Investing in the right kinds of infrastructure can have far-reaching benefits. For example, a decentralized power-generation system could bring jobs and investment to communities that have been sacrificed to fossil fuels, from the ravaged mountain towns of Appalachia to the urban neighborhoods overshadowed by power plants and refineries.
Addressing the transit gap in low-income areas would have similarly transformative effects. A groundbreaking study by Raj Chetty and Nathaniel Hendren of Harvard University found that low-income families in counties with the longest average commute times had the slimmest chance of moving up the economic ladder. Connecting marginalized communities to jobs and opportunity is essential to closing the chasm between America’s rich and poor.
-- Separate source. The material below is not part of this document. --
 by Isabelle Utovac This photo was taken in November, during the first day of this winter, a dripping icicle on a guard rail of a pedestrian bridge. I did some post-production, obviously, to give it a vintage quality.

And while investing in transformative change, the federal government must relieve the heavy burden of utility costs on low-income families. It can create programs to help poor people pay for essential water and power, similar to those now in place for food and heat.
Trump’s ill-fated 2018 infrastructure plan offered just $200 billion in federal funds; the remaining $1.3 trillion was expected to come from private investors, states, and localities. But the private sector’s record on infrastructure is mixed. Investors won’t invest without the promise of high rates of return. And when private investment does occur, it can send costs soaring: In Bayonne, New Jersey, water bills rose almost 28 percent after private entities took charge of the city’s public water system.
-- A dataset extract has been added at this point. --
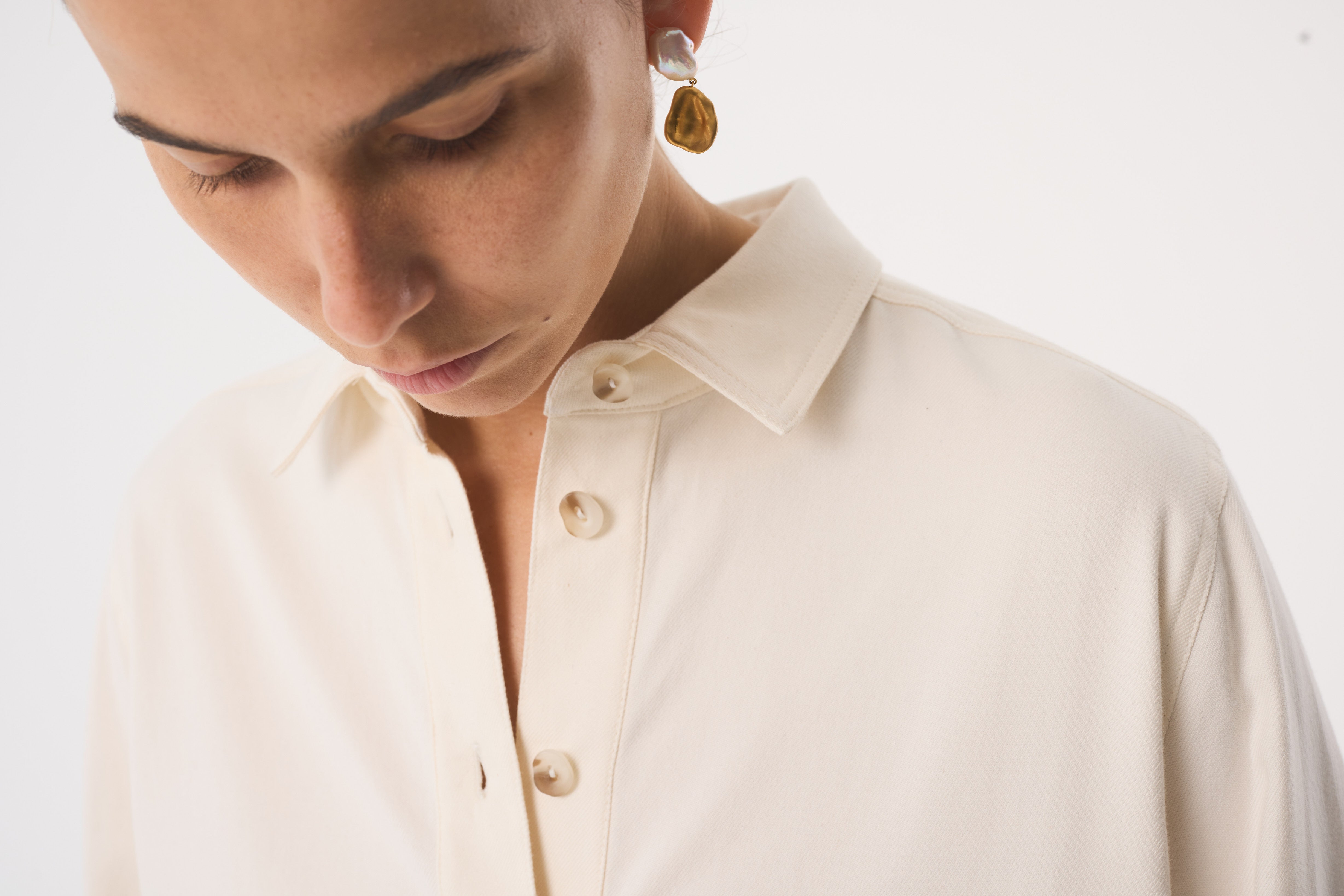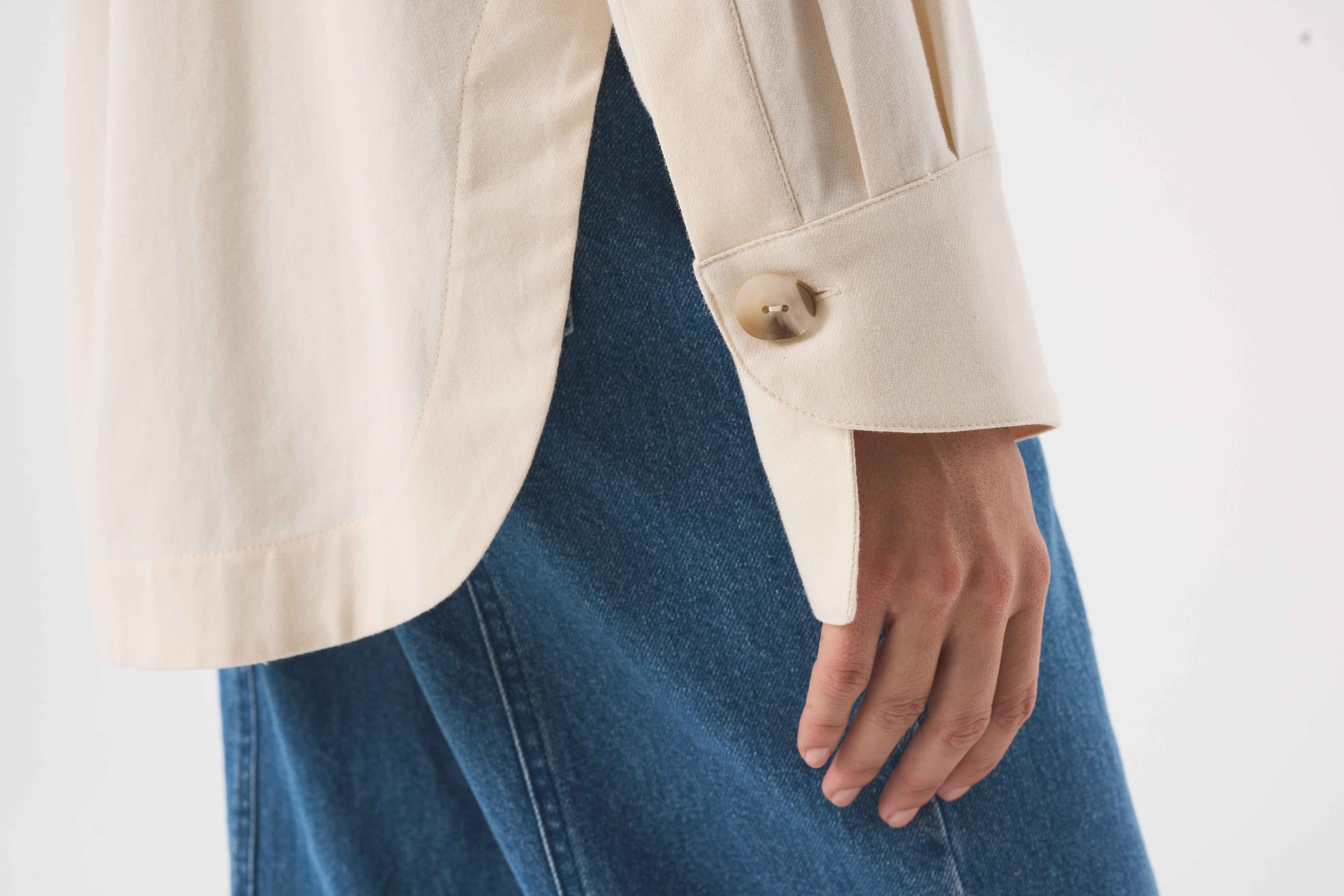 Fable is our shirt in undyed 100% regenerative cotton, cut with clean lines and an asymmetric cuff detail. A quietly distinctive staple, rooted in natural materials and thoughtful design.

But public-private partnerships can work—if government attaches the right conditions. When Prince George’s County, Maryland, teamed up with the engineering firm Corvias to launch its Clean Water Partnership in 2015, a performance contract set out two objectives: to improve stormwater management with green infrastructure, and to hire local small and minority-owned businesses to carry out the work. The partnership has so far met or exceeded all of its economic, social, and environmental objectives—on time and under budget.
To build an infrastructure for the future, we need to spend more. But we also need to spend smarter, by taking a systems approach to infrastructure.
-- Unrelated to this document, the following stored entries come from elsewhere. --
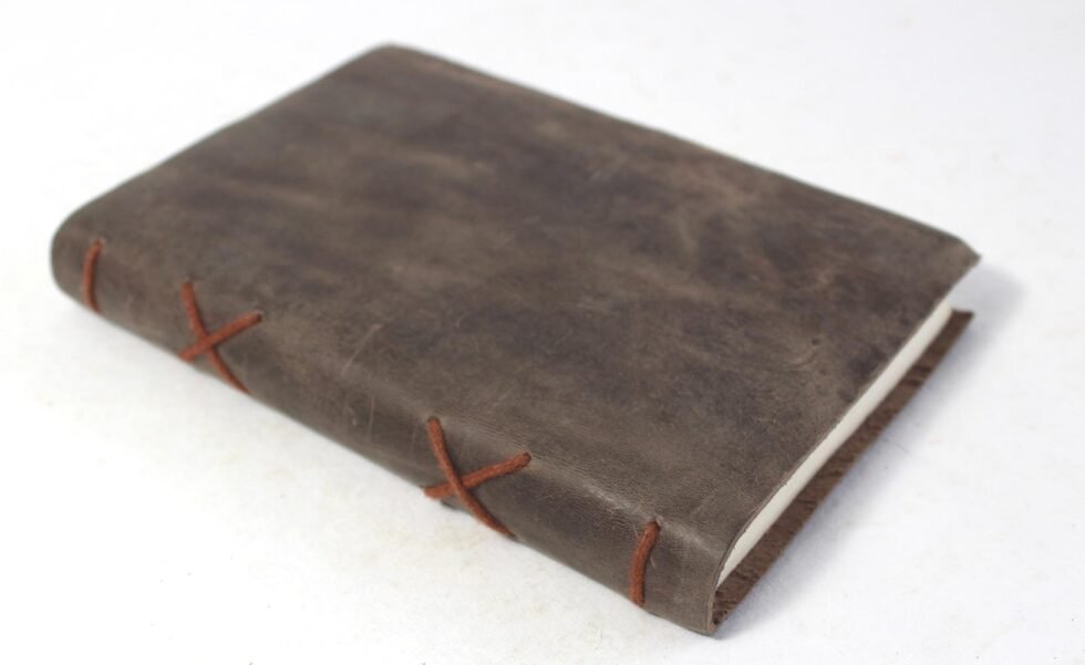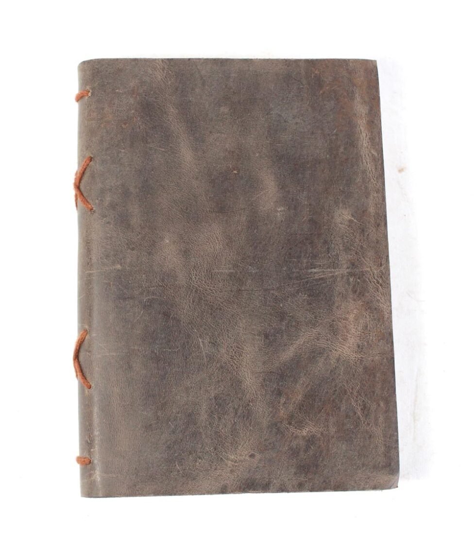 Oil pull up buffalo leather. Thick, rich, softer and antique looking leather gives a very special finish to this gypsy style travel journal. Hand bound journal with cotton thread showing on the spine. Inside is the 72 sheets / 144 pages of handmade recycled cotton papers which is wood free, acid free and does not bleed with ink pen.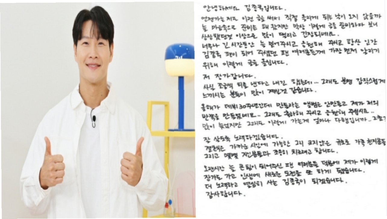 김종국, '런닝맨'에서 결혼 발표… 팬카페에 손편지로 직접 알려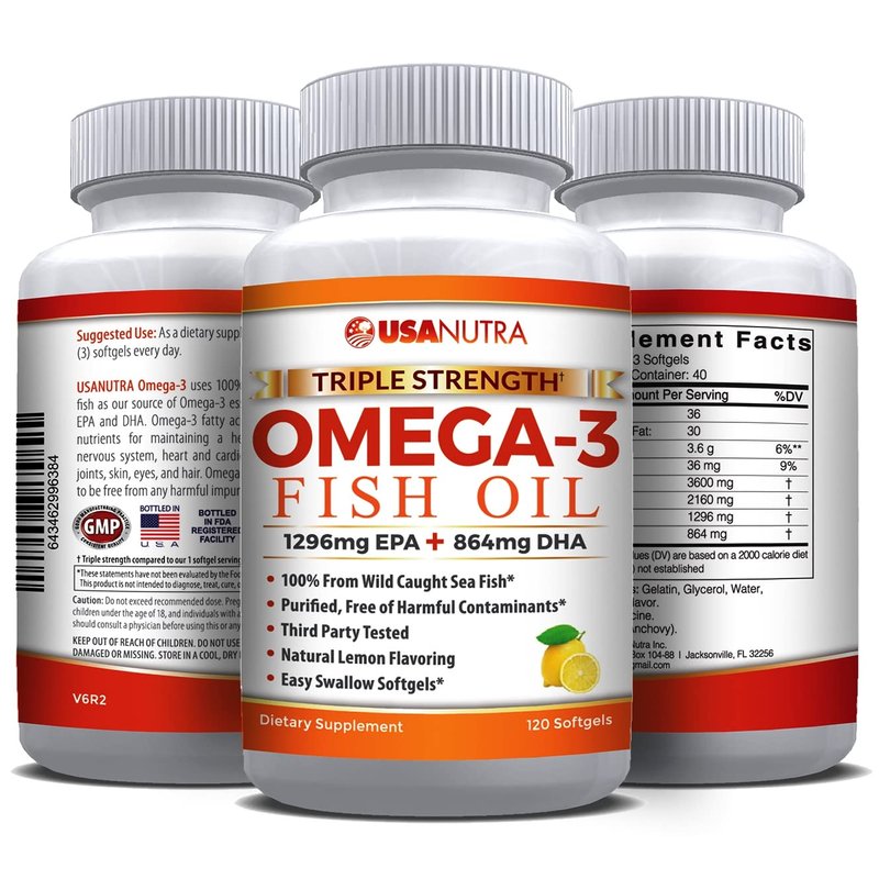 USANUTRA TRIPLE STRENGTH OMEGA-3 FISH OIL has much more essential EPA and DHA Omega-3 fatty acids than bargain brands. We give you 2250mg of high quality Omega-3 every day, 100% from wild caught sea fish. Bargain fish oil may use farm raised fish or dilute with vegetable oil.

To build an infrastructure for the future, we need to spend more. But we also need to spend smarter, by taking a systems approach to infrastructure. As Spieler puts it,“We should use every infrastructure project as a chance to solve as many problems as possible.”
A more holistic approach can save money while turning problems into solutions. For example, the city of Lille, in France, now powers its bus fleet with treated methane gas produced by its sewage-treatment plant and its organic waste facility. The federal government can help find similar solutions, by encouraging cross-disciplinary research and interagency collaboration.
Finally, we must protect our investments in infrastructure by making sure they are properly maintained—notes Hillary Brown of the City College of New York, “Nobody wants to put money into maintenance. They’d rather have a new bridge named after them. We’ve got to have a culture shift, because we don’t have the luxury of rebuilding these things when they fail every few years.”
The sorry state of our nation’s infrastructure has drawn back the curtain, revealing systems that are unsustainable and unjust. With that insight, we can rebuild for a greener, fairer, more prosperous future.